**EXERCISE GOAL:** Give the data again exactly as written, without any of its pictures.

---------- DATA EXCERPT

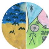
Groep 5 + 6: Van Gogh of Miró
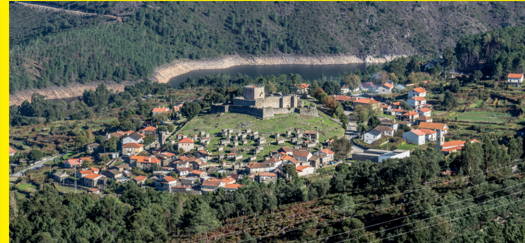
CASTELO E CAMPO DE ESPIQUEIROS (HORREOS) EN LINDOSO

O castelo portugués de Lindoso é un exemplo de fortaleza fronteiriza. Na actualidade atrae a moitos visitantes. Ao seu pé, atópase un dos centros de información do Parque Nacional da Peneda-Gerês, rodeado dun excepcional campo de hórreos.

--------------------

**RESPONSE TO THIS TASK:**
Groep 5 + 6: Van Gogh of Miró
CASTELO E CAMPO DE ESPIQUEIROS (HORREOS) EN LINDOSO

O castelo portugués de Lindoso é un exemplo de fortaleza fronteiriza. Na actualidade atrae a moitos visitantes. Ao seu pé, atópase un dos centros de información do Parque Nacional da Peneda-Gerês, rodeado dun excepcional campo de hórreos.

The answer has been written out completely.